I ran into two main problems when implementing this, neither of which I
have come up with completely satisfactory solutions to.
1. Importing and exporting types is complicated.
My instinct is that Matthew’s suggestion of using submodules for
namespace management is a good one, but as Alex pointed out, I’m
not sure how to actually implement it in practice. I tried the
simpler name mangling scheme, and I managed to get it mostly
working. Exporting types is done with an explicit `type-out` form
(though most of the time it isn’t necessary, since `type-out` is
implicit when providing types with `data` or `class`), which
applies the type scope and mangles the names by prepending
`#%hackett-type:` to the beginning. Similarly, on the importing
side, Hackett actually provides a modified version of `require`
that wraps the entire set of import specs with a require
transformer that unmangles the names and injects them into the
proper scope.
This works okay, but it has some problems:
a. Forms like rename-in, only-in, and except-in don’t work on
types. I think this is largely unavoidable, since they
fundamentally don’t understand that there could be multiple
bindings with the same name, so the solution is to reimplement
rename-in, only-in, and except-in with versions that allow
some sort of annotation that a binding being controlled should
operate on type bindings.
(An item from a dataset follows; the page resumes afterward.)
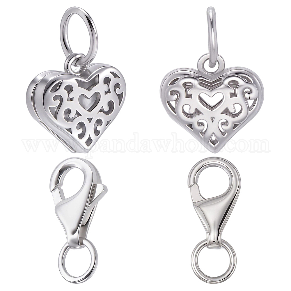 2шт. полые, покрытые родием 925 подвески в форме сердца из стерлингового серебра, с соединительными кольцами и 2шт. карабинами, анти-тускнение (02YSCN)

For example, a user could write
something like the following:
(rename-in hackett [(type String) Text])
This is a little bit of unfortunate extra work, but it doesn’t
seem fundamentally difficult.
b. The bigger problem is that this scheme doesn’t work at all for
types provided by the module language.
What do I mean by that? Well, note that when a user authors a
module with `#lang hackett` at the top, the reader eventually
produces a module form like the following:
(module mod-name hackett
....)
Types that are built-in to Hackett are provided by that module
language specification. This is a problem, because they won’t
be properly unmangled since module languages do not allow any
customization of how bindings are introduced (unlike
`require`). This is a real problem, and there doesn’t seem to
be any good solution available.
The only real option appears to be having the reader insert a
`require` in the resulting program, so the resulting module
looks like this:
(module mod-name hackett
(require hackett)
....)
However, this doesn’t really work, because while the bindings
*are* properly introduced, they are now introduced by a
`require`, not the module language. This distinction seems
irrelevant, but it isn’t — bindings brought into scope by
`require` cannot conflict with other bindings from other
`require`s. This means that it is now impossible for users
to shadow names from `#lang hackett` with their own bindings.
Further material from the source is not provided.